■ **What you have to do**:
Excluding pictures, what does the listing below contain from the line with "View full detailsInVid" up to and including the line with "Lisätietoja pinta-alasta |", word for word?

--- START ---

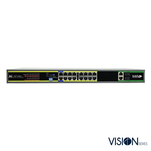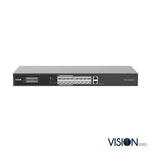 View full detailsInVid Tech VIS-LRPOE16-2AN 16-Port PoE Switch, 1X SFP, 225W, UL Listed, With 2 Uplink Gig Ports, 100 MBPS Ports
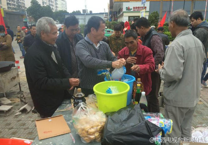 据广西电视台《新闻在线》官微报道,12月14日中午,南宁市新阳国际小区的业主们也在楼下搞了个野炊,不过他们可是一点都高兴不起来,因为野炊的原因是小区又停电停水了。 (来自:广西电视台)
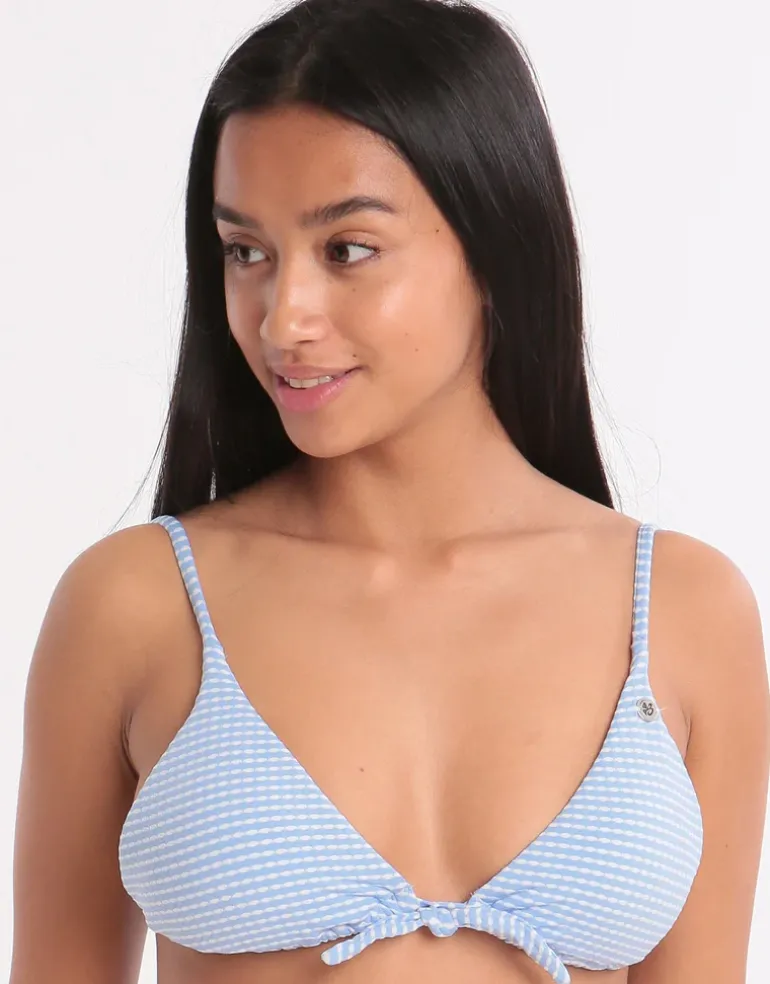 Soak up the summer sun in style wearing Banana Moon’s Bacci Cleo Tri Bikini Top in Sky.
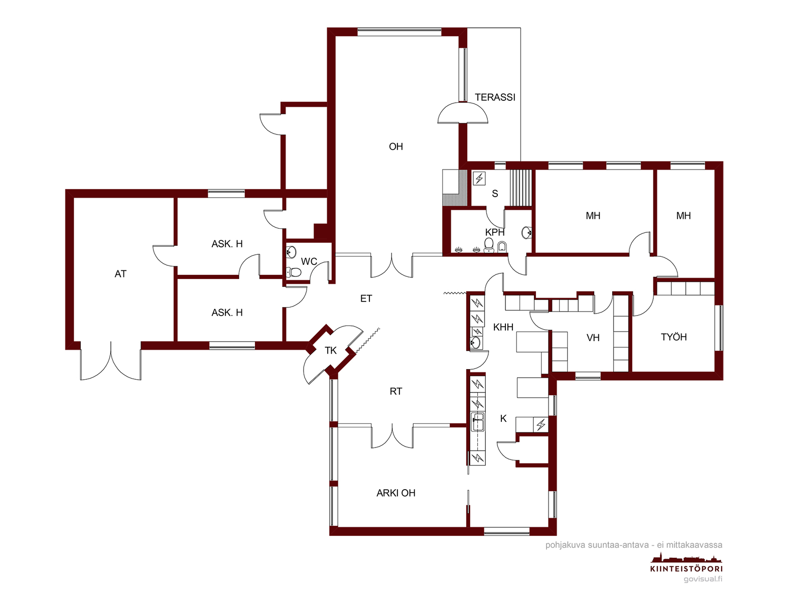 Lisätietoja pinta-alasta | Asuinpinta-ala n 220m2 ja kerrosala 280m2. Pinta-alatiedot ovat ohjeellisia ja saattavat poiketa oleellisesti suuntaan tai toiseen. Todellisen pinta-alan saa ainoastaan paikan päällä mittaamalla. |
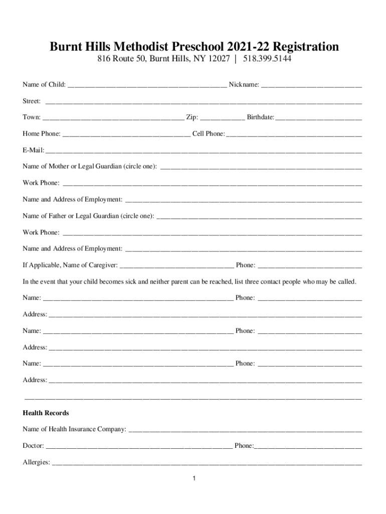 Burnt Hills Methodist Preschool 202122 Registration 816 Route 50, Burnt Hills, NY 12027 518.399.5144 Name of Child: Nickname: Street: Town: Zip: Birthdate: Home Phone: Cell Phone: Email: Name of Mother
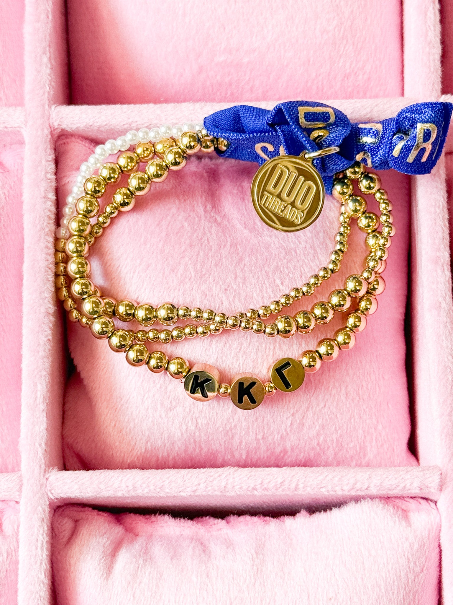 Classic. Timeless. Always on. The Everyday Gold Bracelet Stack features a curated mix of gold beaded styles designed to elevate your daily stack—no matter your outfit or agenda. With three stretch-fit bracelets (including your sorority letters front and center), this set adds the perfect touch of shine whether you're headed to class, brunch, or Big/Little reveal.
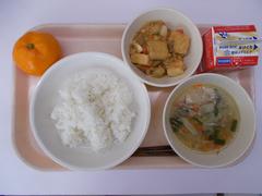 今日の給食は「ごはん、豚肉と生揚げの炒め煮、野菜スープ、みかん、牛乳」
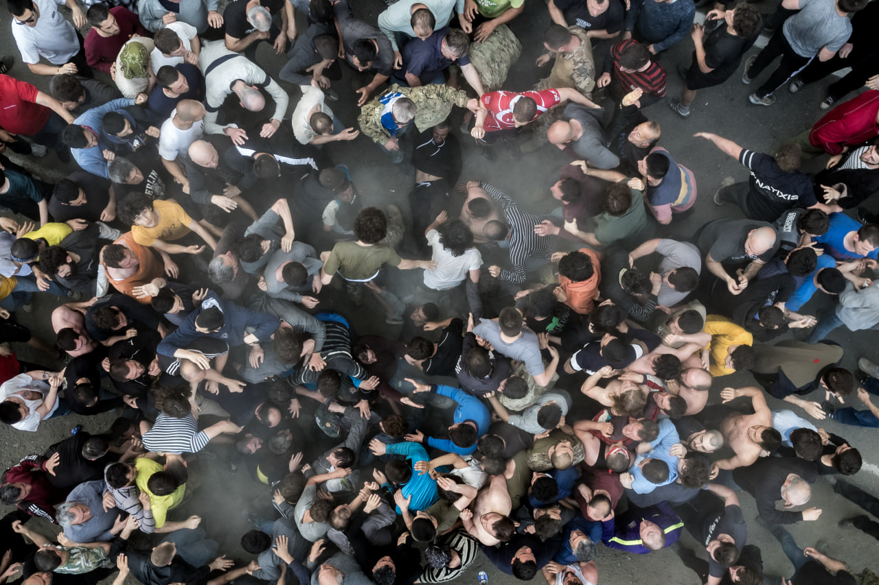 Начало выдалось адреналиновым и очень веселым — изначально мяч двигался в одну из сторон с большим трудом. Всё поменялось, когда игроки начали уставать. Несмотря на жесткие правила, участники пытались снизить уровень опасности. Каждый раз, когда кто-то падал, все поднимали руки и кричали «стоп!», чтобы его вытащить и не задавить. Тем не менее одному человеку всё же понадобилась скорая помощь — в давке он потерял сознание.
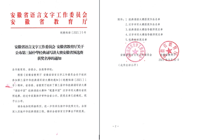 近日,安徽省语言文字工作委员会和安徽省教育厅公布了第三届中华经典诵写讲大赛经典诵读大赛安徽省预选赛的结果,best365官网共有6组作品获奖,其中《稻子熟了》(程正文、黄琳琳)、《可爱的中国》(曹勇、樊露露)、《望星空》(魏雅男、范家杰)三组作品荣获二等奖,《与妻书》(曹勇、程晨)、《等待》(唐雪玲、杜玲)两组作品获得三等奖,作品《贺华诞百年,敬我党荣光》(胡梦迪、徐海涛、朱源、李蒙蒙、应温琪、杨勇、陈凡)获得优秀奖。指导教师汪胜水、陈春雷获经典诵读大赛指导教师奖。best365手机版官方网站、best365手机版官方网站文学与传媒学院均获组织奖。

--- END ---
--- START ---

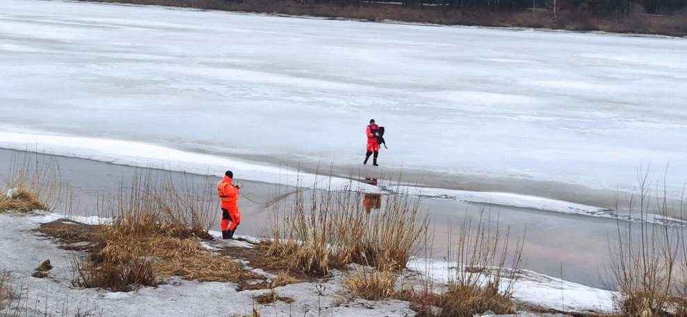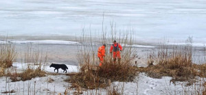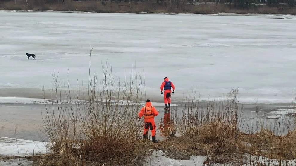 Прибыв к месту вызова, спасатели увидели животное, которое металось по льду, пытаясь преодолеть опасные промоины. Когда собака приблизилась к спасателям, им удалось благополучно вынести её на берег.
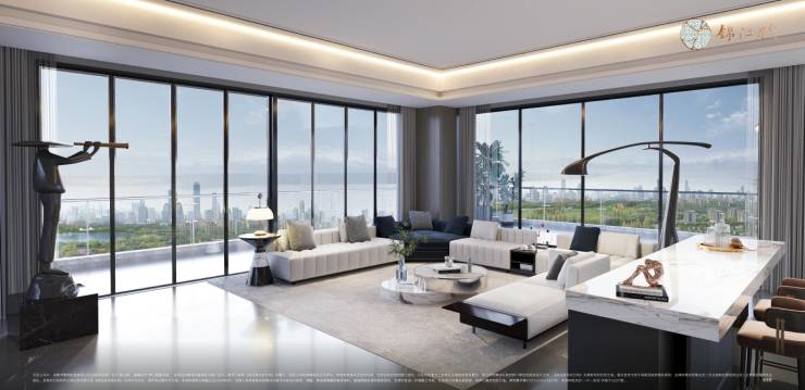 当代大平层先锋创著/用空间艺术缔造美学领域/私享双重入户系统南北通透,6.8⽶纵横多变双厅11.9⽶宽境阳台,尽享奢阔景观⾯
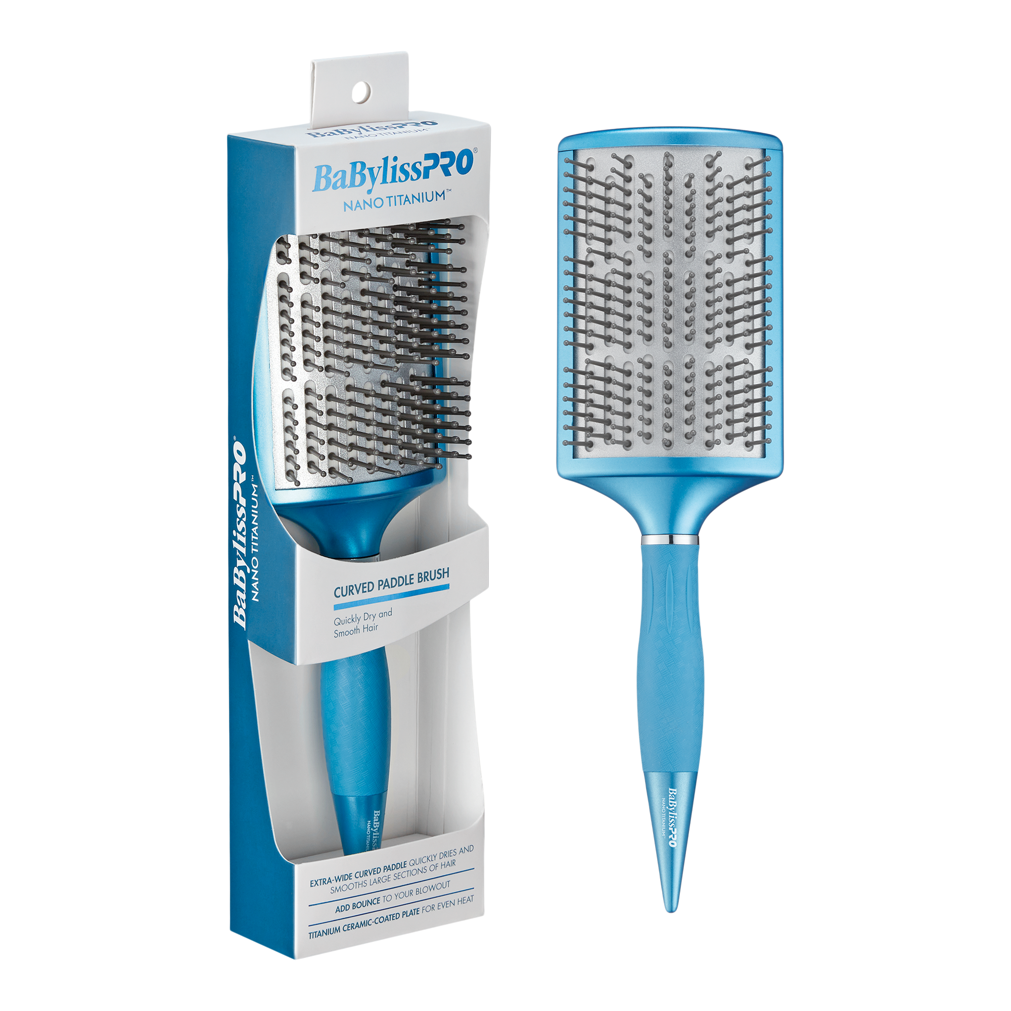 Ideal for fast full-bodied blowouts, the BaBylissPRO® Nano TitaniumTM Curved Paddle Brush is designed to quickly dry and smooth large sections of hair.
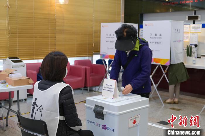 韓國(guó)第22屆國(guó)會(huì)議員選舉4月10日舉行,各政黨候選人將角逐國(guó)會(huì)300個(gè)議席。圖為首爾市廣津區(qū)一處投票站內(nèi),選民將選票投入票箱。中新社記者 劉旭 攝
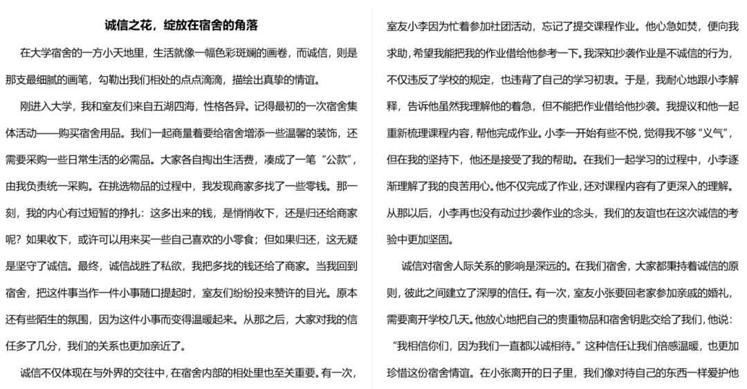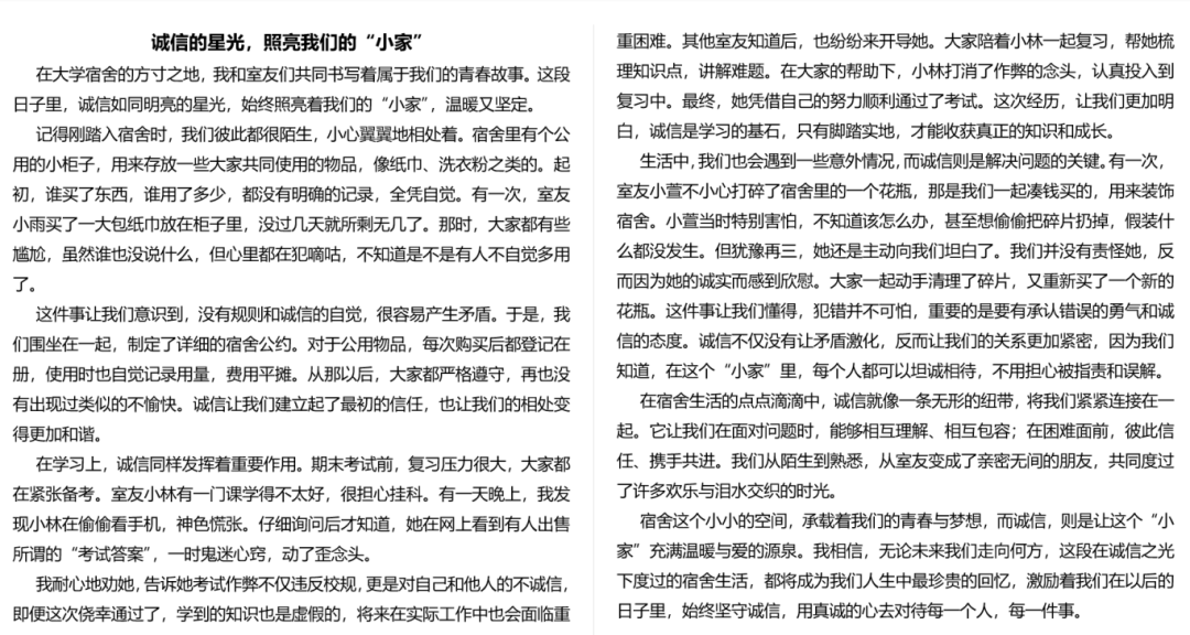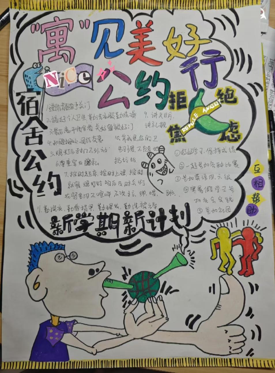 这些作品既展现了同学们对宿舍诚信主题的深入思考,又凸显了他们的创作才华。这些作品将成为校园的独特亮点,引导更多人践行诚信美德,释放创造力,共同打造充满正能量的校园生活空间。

--- END ---

■ **Expected answer**:
 View full detailsInVid Tech VIS-LRPOE16-2AN 16-Port PoE Switch, 1X SFP, 225W, UL Listed, With 2 Uplink Gig Ports, 100 MBPS Ports
 据广西电视台《新闻在线》官微报道,12月14日中午,南宁市新阳国际小区的业主们也在楼下搞了个野炊,不过他们可是一点都高兴不起来,因为野炊的原因是小区又停电停水了。 (来自:广西电视台)
 Soak up the summer sun in style wearing Banana Moon’s Bacci Cleo Tri Bikini Top in Sky.
 Lisätietoja pinta-alasta | Asuinpinta-ala n 220m2 ja kerrosala 280m2. Pinta-alatiedot ovat ohjeellisia ja saattavat poiketa oleellisesti suuntaan tai toiseen. Todellisen pinta-alan saa ainoastaan paikan päällä mittaamalla. |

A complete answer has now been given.